Your objective —
Please return each of the entries exactly, minus their pictures.

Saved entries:
# # # # # # #
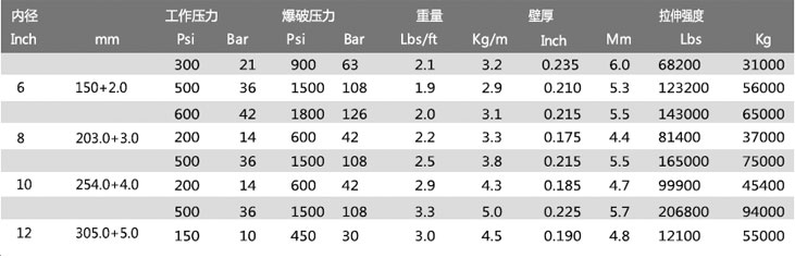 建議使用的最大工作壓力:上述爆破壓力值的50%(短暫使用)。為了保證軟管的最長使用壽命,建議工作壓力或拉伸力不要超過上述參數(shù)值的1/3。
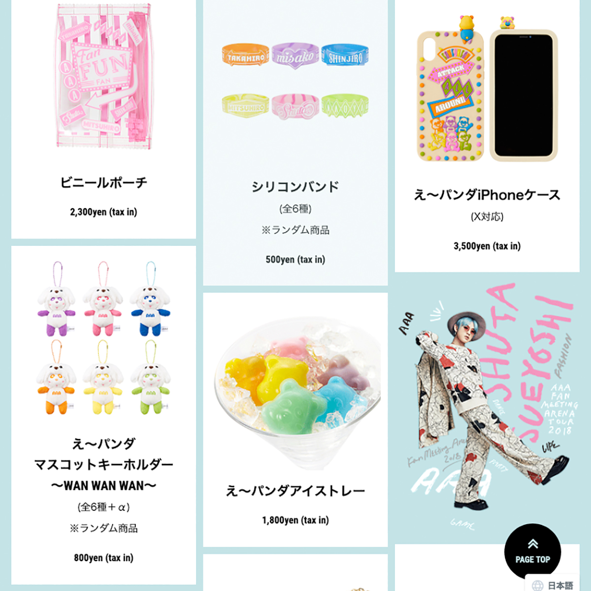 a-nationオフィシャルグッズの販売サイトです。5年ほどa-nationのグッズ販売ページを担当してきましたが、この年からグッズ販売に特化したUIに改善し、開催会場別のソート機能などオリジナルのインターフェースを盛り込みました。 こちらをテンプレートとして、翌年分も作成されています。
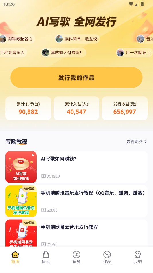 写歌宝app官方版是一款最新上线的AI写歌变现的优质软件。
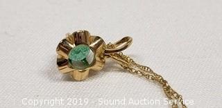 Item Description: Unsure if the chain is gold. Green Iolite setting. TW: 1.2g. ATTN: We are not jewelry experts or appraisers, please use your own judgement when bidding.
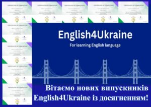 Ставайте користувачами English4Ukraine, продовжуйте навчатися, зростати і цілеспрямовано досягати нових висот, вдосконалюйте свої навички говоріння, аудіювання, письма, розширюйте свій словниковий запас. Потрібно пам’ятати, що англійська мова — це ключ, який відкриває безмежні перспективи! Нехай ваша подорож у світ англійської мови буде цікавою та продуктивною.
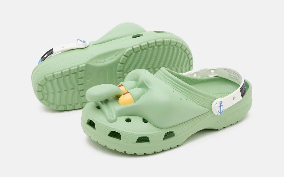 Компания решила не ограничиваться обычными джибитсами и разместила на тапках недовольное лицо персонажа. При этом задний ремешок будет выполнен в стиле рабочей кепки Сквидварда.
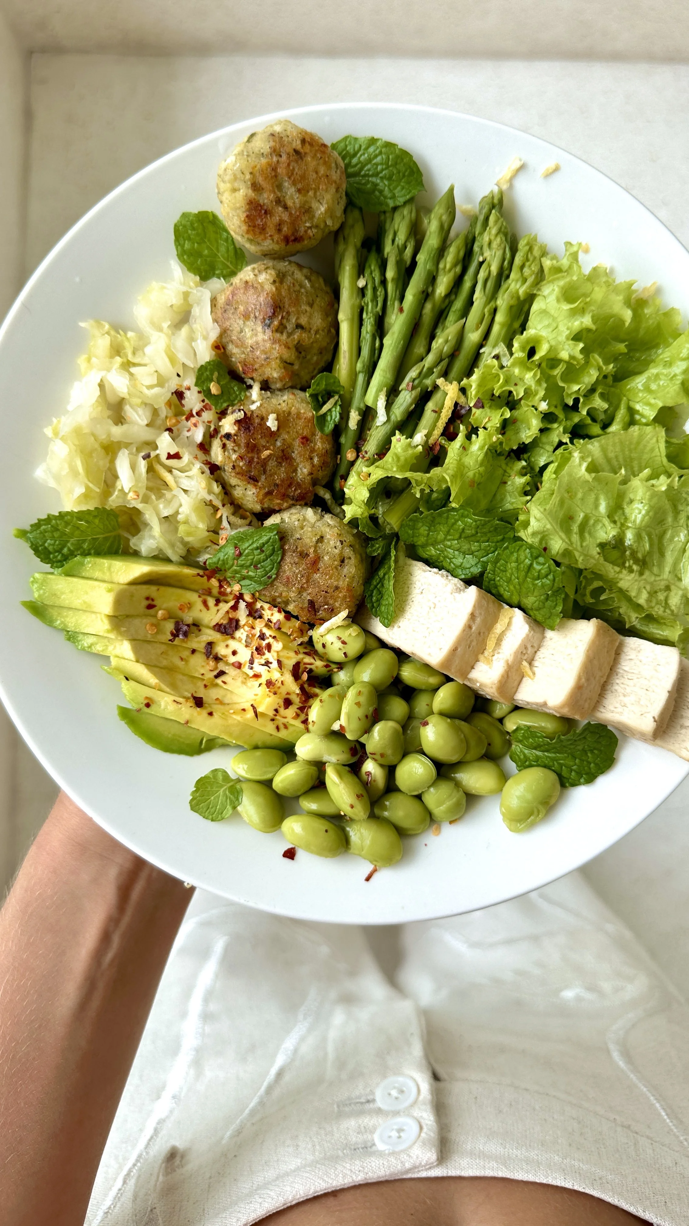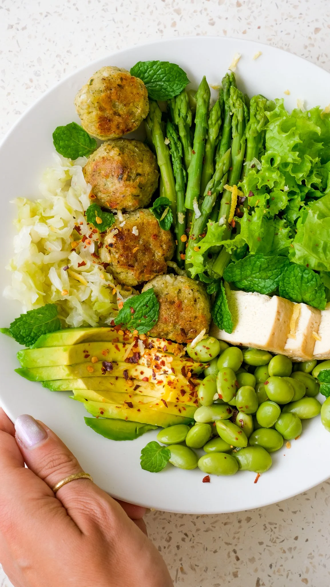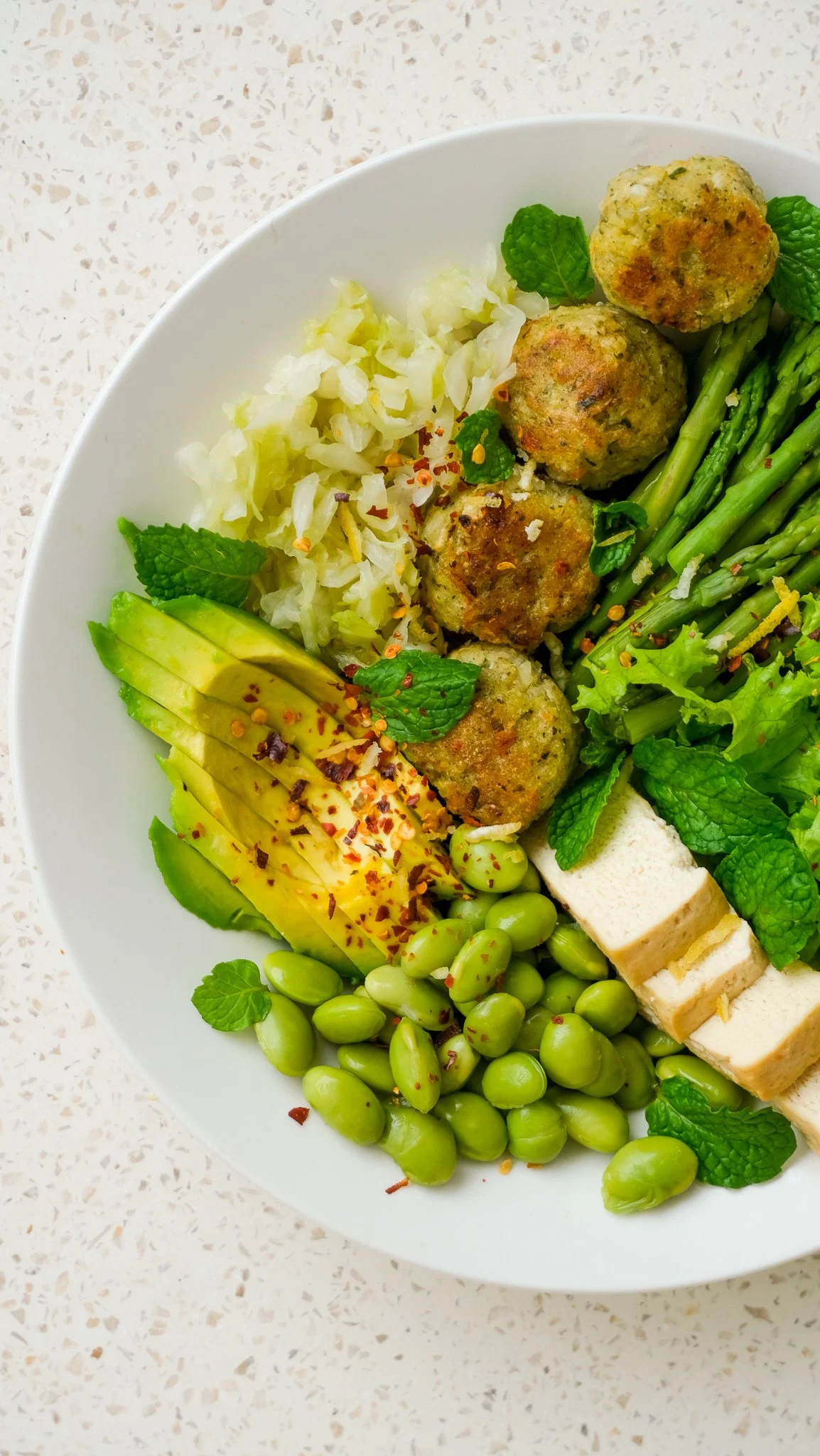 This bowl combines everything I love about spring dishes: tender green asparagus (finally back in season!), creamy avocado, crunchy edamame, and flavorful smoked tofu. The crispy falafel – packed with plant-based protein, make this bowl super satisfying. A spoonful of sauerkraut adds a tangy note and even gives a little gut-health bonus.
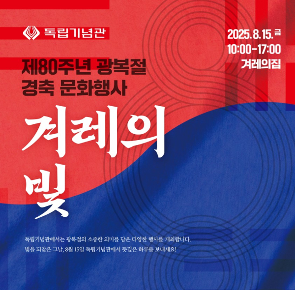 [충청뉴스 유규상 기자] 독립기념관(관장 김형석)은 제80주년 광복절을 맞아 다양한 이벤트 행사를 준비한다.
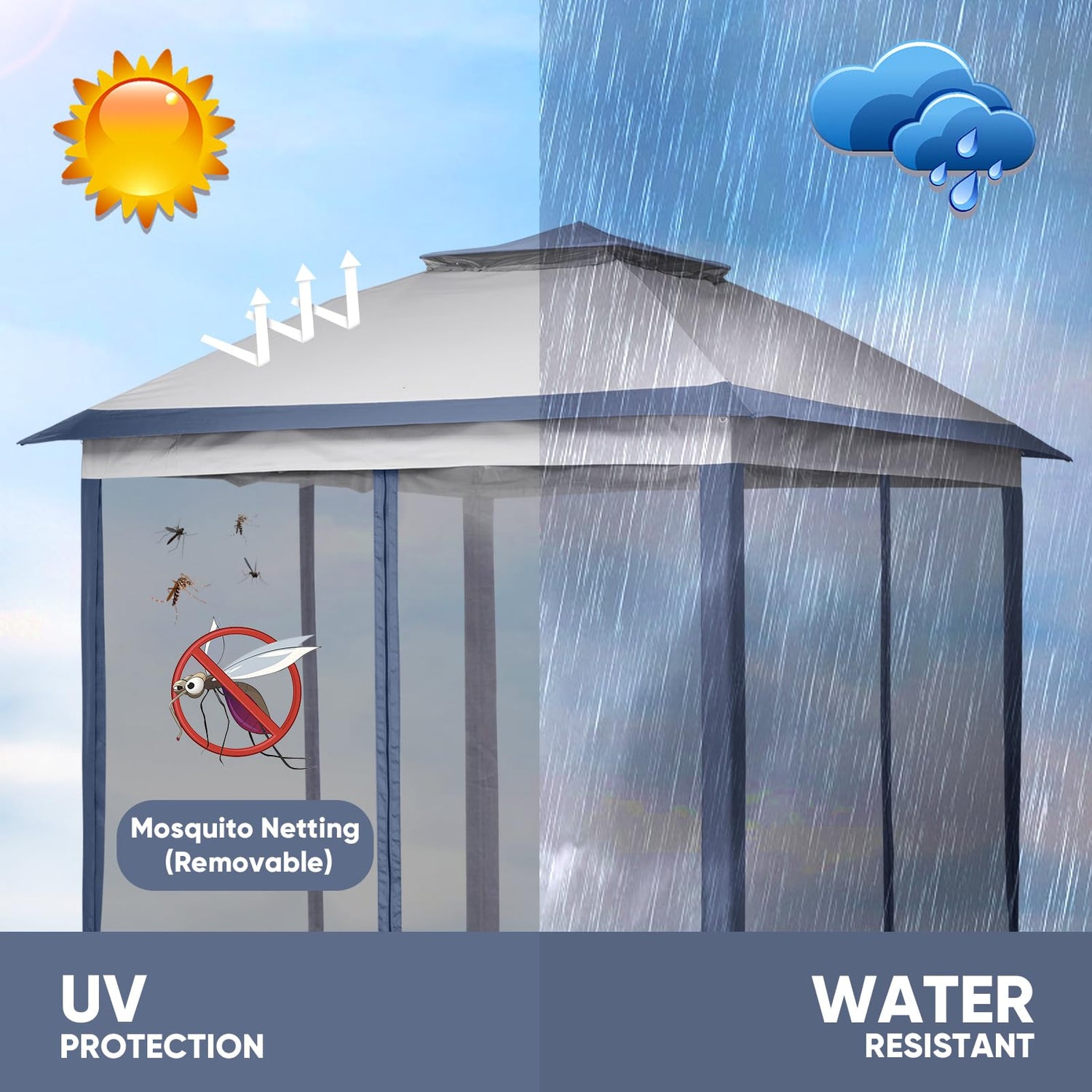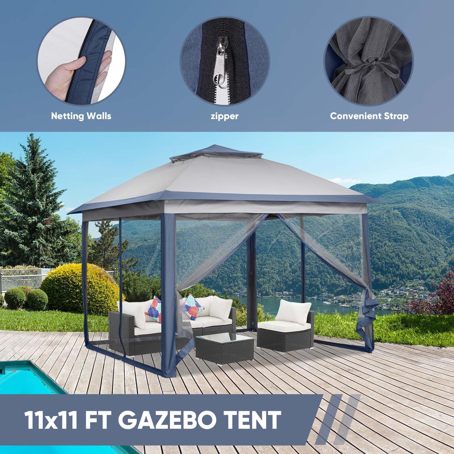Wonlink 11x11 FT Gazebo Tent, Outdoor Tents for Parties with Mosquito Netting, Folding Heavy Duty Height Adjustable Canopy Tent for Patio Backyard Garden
# # # # # # #
Task solution —
 建議使用的最大工作壓力:上述爆破壓力值的50%(短暫使用)。為了保證軟管的最長使用壽命,建議工作壓力或拉伸力不要超過上述參數(shù)值的1/3。
 a-nationオフィシャルグッズの販売サイトです。5年ほどa-nationのグッズ販売ページを担当してきましたが、この年からグッズ販売に特化したUIに改善し、開催会場別のソート機能などオリジナルのインターフェースを盛り込みました。 こちらをテンプレートとして、翌年分も作成されています。
 写歌宝app官方版是一款最新上线的AI写歌变现的优质软件。
 Item Description: Unsure if the chain is gold. Green Iolite setting. TW: 1.2g. ATTN: We are not jewelry experts or appraisers, please use your own judgement when bidding.
 Ставайте користувачами English4Ukraine, продовжуйте навчатися, зростати і цілеспрямовано досягати нових висот, вдосконалюйте свої навички говоріння, аудіювання, письма, розширюйте свій словниковий запас. Потрібно пам’ятати, що англійська мова — це ключ, який відкриває безмежні перспективи! Нехай ваша подорож у світ англійської мови буде цікавою та продуктивною.
 Компания решила не ограничиваться обычными джибитсами и разместила на тапках недовольное лицо персонажа. При этом задний ремешок будет выполнен в стиле рабочей кепки Сквидварда.
 This bowl combines everything I love about spring dishes: tender green asparagus (finally back in season!), creamy avocado, crunchy edamame, and flavorful smoked tofu. The crispy falafel – packed with plant-based protein, make this bowl super satisfying. A spoonful of sauerkraut adds a tangy note and even gives a little gut-health bonus.
 [충청뉴스 유규상 기자] 독립기념관(관장 김형석)은 제80주년 광복절을 맞아 다양한 이벤트 행사를 준비한다.
Wonlink 11x11 FT Gazebo Tent, Outdoor Tents for Parties with Mosquito Netting, Folding Heavy Duty Height Adjustable Canopy Tent for Patio Backyard Garden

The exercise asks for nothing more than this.